El enemigo de la democracia
- Escrito por Beatriz Talegón
- Publicado en Opinión
Se supone que en democracia todos tenemos las mismas herramientas para participar, para denunciar, para proponer, para defendernos. Se supone que en democracia, a través del diálogo, de las vías siempre pacíficas, se convence a las mayorías para que exploren soluciones a problemas determinados. Se supone que en este juego todos deberían partir con las mismas oportunidades para desarrollar aquello que consideran justo en base a las normas que entre todos asumimos. Se supone.
Sin embargo, el “tener" por desgracia supone el “ser” en demasiados casos. La capacidad adquisitiva determina la posibilidad de acceso a la justicia, a la información, a la salud, a la educación y la capacidad de influencia para generar mayorías. La democracia en la que vivimos está condicionada por otros factores que van más allá de esos valores que quedan muy bien en escritos teóricos, en textos constitucionales y en preámbulos legislativos.
Si no se regula un acceso a la vivienda, algo fundamental para vivir, estaremos dejando a la intemperie a miles de personas. Si no se garantiza un acceso a un puesto de trabajo, condenaremos a la pobreza a cientos de miles de ciudadanos. Si no garantizamos unos ingresos mínimos, será imposible construir una sociedad que viva y después conviva. El “libre mercado” no se regula solo porque en él intervienen fuerzas muy desequilibradas, y al final, siempre ganan los que más tienen. Tener más es el objetivo, a costa de lo que sea.
Para un individuo, “tener más” puede implicar sencillamente tener un trabajo que le permita pagar una vivienda, comer, tener luz y calefacción en su casa, cubrir los gastos básicos para vivir dentro de lo que se considera “digno”. Mientras, “tener más” para los empresarios implica otras cuestiones: y por desgracia este sistema le permite recortar de los derechos de sus trabajadores para así ir amasando fortuna. Si no se reparte la riqueza por partes de quienes la tienen, al final se termina explotando al más débil: al que no tiene las herramientas para defenderse, al que no tiene voz para ser escuchado.
Esta es la historia que venimos arrastrando, desde hace siglos. Los fuertes frente a los débiles. Y los fuertes saben que tienen apoyos en la Administración pública, en el sistema judicial, porque precisamente a través de sus representantes (ya sean políticos, ya sean tecnócratas), velarán porque sus beneficios sigan aumentando. El crecimiento económico a costa de la sangría de quienes luchan por sobrevivir. La brecha de la desigualdad se ha abierto durante los años de la “crisis”: los que menos tenían debían apretarse el cinturón, mientras los datos han demostrado que las clases más altas han amasado cada vez más ingresos.
A veces, mucho más a menudo de lo que lo hacemos, deberíamos echar un vistazo a la naturaleza para intentar comprender cómo funcionan algunas cosas. ¿Hay algo que crece sin límite?
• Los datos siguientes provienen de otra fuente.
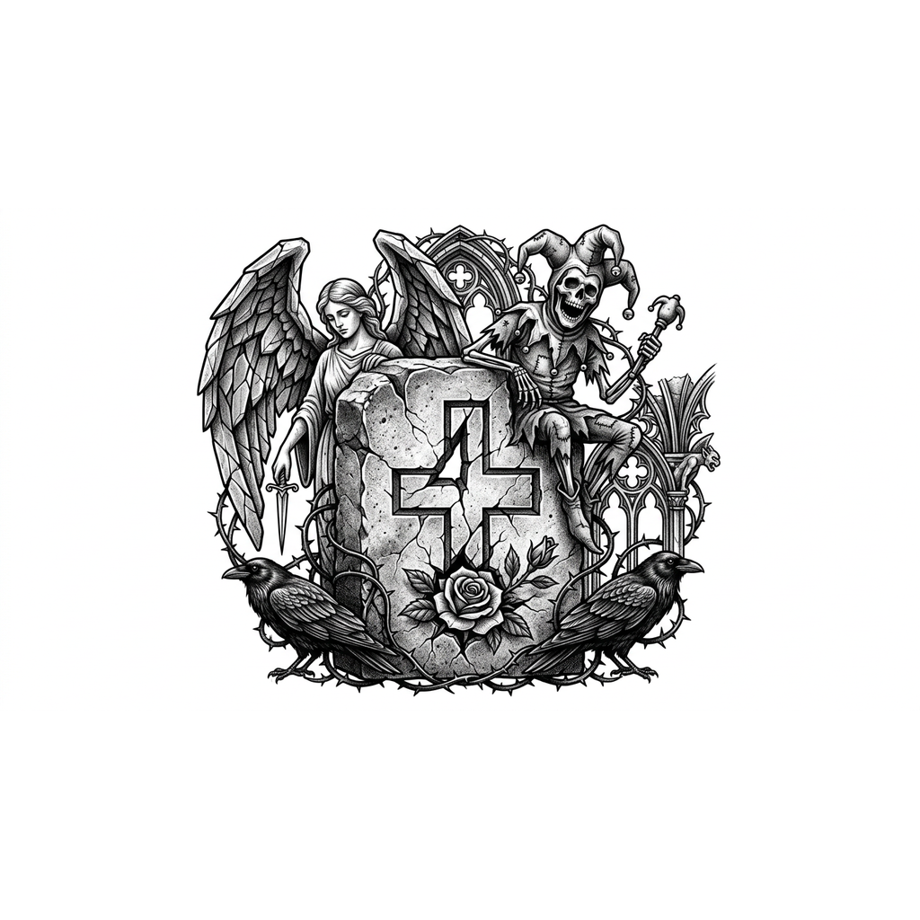 В центре огромная гранитная плита, треснувшая крест-накрест. Трещины образуют цифру 4. Она выглядит естественно, будто сам камень раскололся в эту форму. На вершине плиты сидит шут-скелет: череп с бубенцами на колпаке в одной руке игральная кость или карта ухмылка, как будто он смеётся над жизнью и смертью Слева за плитой стоит ангел-убийца: крылья из каменных осколков, лицо спокойное, в руке тонкий кинжал или коса У основания плиты роза, пробивающаяся через камень

Sí, el cáncer. Las células cancerígenas se extienden, se propagan, aumentan hasta que consiguen terminar con el organismo del que viven. Tomemos nota: el crecimiento económico sin límites al final termina por reventarlo todo.
No se puede vivir a este ritmo. Es insostenible. Y para equilibrar la situación, para garantizar que todo esto no salte por los aires, es fundamental intervenir. Porque, repito, “el mercado” no se regula solo. No es cierto que haya una “mano invisible” que equilibre las balanzas. No lo es. Porque hay infinitos intereses que siempre empujan hacia donde más fuerza se ejerce. Y los que no somos terratenientes, los que no somos grandes empresarios, ni herederos de grandes fortunas, estamos absolutamente indefensos.
Para eso está el Estado, para regular, para limitar los abusos, para garantizar lo más fundamental: que todos tengamos vivienda, que todos tengamos comida, que todos tengamos salud, educación y que, a partir de ahí, podamos ir participando de un sistema que tenga garantizado (o así debería ser), el reparto de beneficios entre todos. A eso deberíamos llamarle “patria”, al hecho de que asumamos el bienestar de una sociedad en base a los esfuerzos conjuntos, a la aportación de todos y se tenga como objetivo precisamente que nadie se encuentre en situaciones límite. Sin embargo, esto no ha venido siendo así: durante la “crisis” se apostó por reventar a los que menos tenían, freírles a recortes, destrozar la sanidad pública, la educación, las infraestructuras, las garantías laborales. Se machacó a una sociedad a base de desinformarla, atontarla a través de medios de comunicación que no han querido apostar por información ni por cultura, sino por cutre mareo alienador.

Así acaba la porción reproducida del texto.